Faced with the complexity of transitioning from experimentation to operationalizing artificial intelligence, the observation reveals that the majority of companies struggle to scale. Indeed, the value of its use cases is often difficult to quantify, development times are long, and model deployment is complex because it involves different professions that do not speak the same language: different professions with different skills and tools, leading to the conclusion that the problem is not only related to AI but also to organizational structure. IT departments and organizations are increasingly confronted with the omnipresence of machine learning and the complexity of the lifecycle of its projects. MLOps addresses these issues by being a discipline that aims to bring together a set of practices, know-how, and ultimately culture.
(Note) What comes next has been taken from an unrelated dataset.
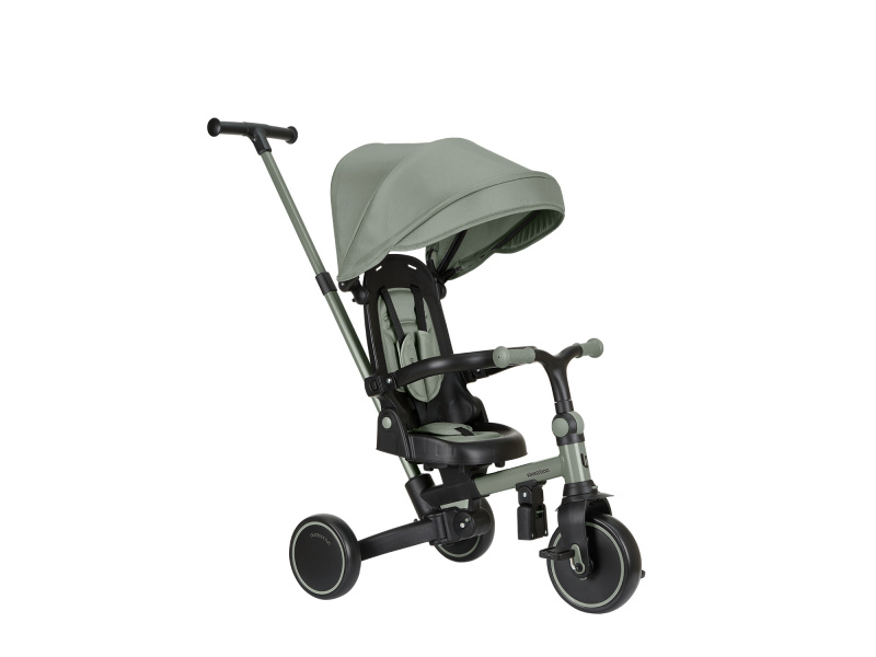 Multifunkční tříkolka KikkaBoo Aluma 8v1 je navržená tak, aby dítěti sloužila opravdu dlouho – od 12 do 60 měsíců. V začátcích funguje v bezpečném „kočárkovém“ režimu s vedením rodičem, postupně přechází do samostatné jízdy jako tříkolka s pedály a odrážedlo. Díky skládacímu provedení a chytrým detailům je ideální i na cestování. Pro maximální bezpečí je tříkolka vybavená 5-bodovým pásem, odnímatelným bezpečnostním madlem a nastavitelnou stříškou, kterou lze podle potřeby odejmout. Nechybí sklápěcí opěrka zad nastavitelná do 4 poloh, nastavitelná řídítka a otočné sedátko. Rodiče ocení nastavitelnou vodicí tyč ve 3 polohách, díky kterým se tříkolka dobře ovládá. Pedály na předním kole lze zablokovat, zadní kola mají brzdu a celé složení funguje jedním tlačítkem. Pro přenášení je k dispozici madlo a na drobnosti taška na příslušenství. Konstrukce je z lehké a pevné hliníkové slitiny, takže je tříkolka dobře přenosná a zároveň stabilní pro každodenní používání. skládací design + složení jedním tlačítkem multifunkční 8v1 (od rodičovského vedení až po odrážedlo) lehký a odolný hliníkový rám otočné sedátko nastavitelná řídítka a opěrka zad odnímatelná a nastavitelná stříška 5-bodové pásy + odnímatelné bezpečnostní madlo nastavitelná vodicí tyč sklápěcí opěrka nohou zámek pedálů předního kola zadní brzda odnímatelné pedály madlo na přenášení + taška na doplňky Rozměry (rozložená): 71 × 49 × 93–99 cm Rozměry (složená): 55 × 49 × 38 cm Hmotnost: 6,4 kg Vhodné pro děti od 12 do 60 měsíců.

Building AI-powered models is a creative process that requires constant iterations and refinements.

Construire des modèles alimentés en IA

An AI is more useful and mastered when it is operationalized throughout the value chain. As long as models are not put into production, the value of an artificial intelligence project can never be fully demonstrated.

The various points of convergence

convergence

Is MLOps so indispensable today?

Faced with the complexity of implementing AI use cases, the challenges that organizations must overcome to evolve and adapt are still very relevant. The adoption cursor should be placed according to their size and means, but with scaling, the problems also "scale up." Before discussing and integrating MLOps into their organization, it is necessary to have first thought about and ensured the implementation of a data strategy that must be at the heart of the organization (data quality, governance, etc.). Among the IT directors surveyed, there was a real consensus on the usefulness of MLOps today but only when there is a data culture in the organization.

People and organizational structure, the crux of the matter?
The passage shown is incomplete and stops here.